Practical Workflow Examples


Scenario 1: Brand Campaign Asset Creation

  1. Start with Nano Banana for rapid exploration (10-15 iterations)

  2. Narrow to 3-4 directions

  3. Switch to Nano Banana Pro (2K) for refined versions

  4. Final client deliverables: Nano Banana Pro (4K)


Scenario 2: Editorial Illustration (Specific Style)

  1. If modern/general aesthetic: Nano Banana Pro (2K)

  2. If niche/retro/specific movement: Seedream (2K or 4K)

  3. If Seedream gives style-mixing issues: simplify prompt, remove competing cues


Scenario 3: Multi-Brand Element Composition

  1. Try Nano Banana Pro with multiple references first

  2. If composition isn't working: switch to GPT Image 1.5

  3. Accept the speed tradeoff for sophisticated blending


Scenario 4: Text-Heavy Design (Poster, Packaging)

  1. Nano Banana Pro is your first choice (excellent text rendering)

  2. Use 2K or 4K depending on final output needs

  3. Iterate quickly with Nano Banana if exploring many directions first


Notes For Creative Professionals


Default Recommendation: Start with Nano Banana Pro for 80% of professional work. It's the best balance of quality, speed, flexibility, and cost.

When to Diverge:

  • Exploration phase: Nano Banana

  • Niche artistic styles: Seedream

  • Complex compositing: GPT Image 1.5

Prompt Philosophy:

  • Nano Banana models: clarity and concision

  • Seedream: detailed and specific

  • GPT Image 1.5: direct commands

Reference Images:

  • More isn't always better—prioritize quality and relevance

  • Label each reference's role explicitly in your prompt

  • Use references for style, character, composition, or pose guidance

Quality vs. Speed:

  • Match resolution to project phase (draft → 1K, final → 4K)

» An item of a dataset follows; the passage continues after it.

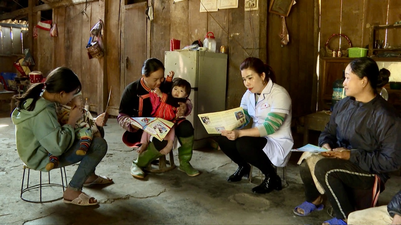 Cán bộ y tế xã San Thàng tuyên truyền Nhân dân về công tác phòng, chống dịch cúm mùa.

  • Budget time for GPT Image 1.5 if you use it

  • Fast iteration (Nano Banana) → refinement (Pro) is a proven workflow

Common Pitfalls:

  • Over-prompting Nano Banana models (keep it clean)

  • Under-prompting Seedream (be specific about style)

  • Using GPT Image 1.5 for simple tasks (overkill)

  • Not providing reference images when needed (especially famous faces, specific styles)

This field guide is your strategic reference. Know your tools, match them to your task, and iterate intelligently. The best model is the one that gets you to your creative vision efficiently.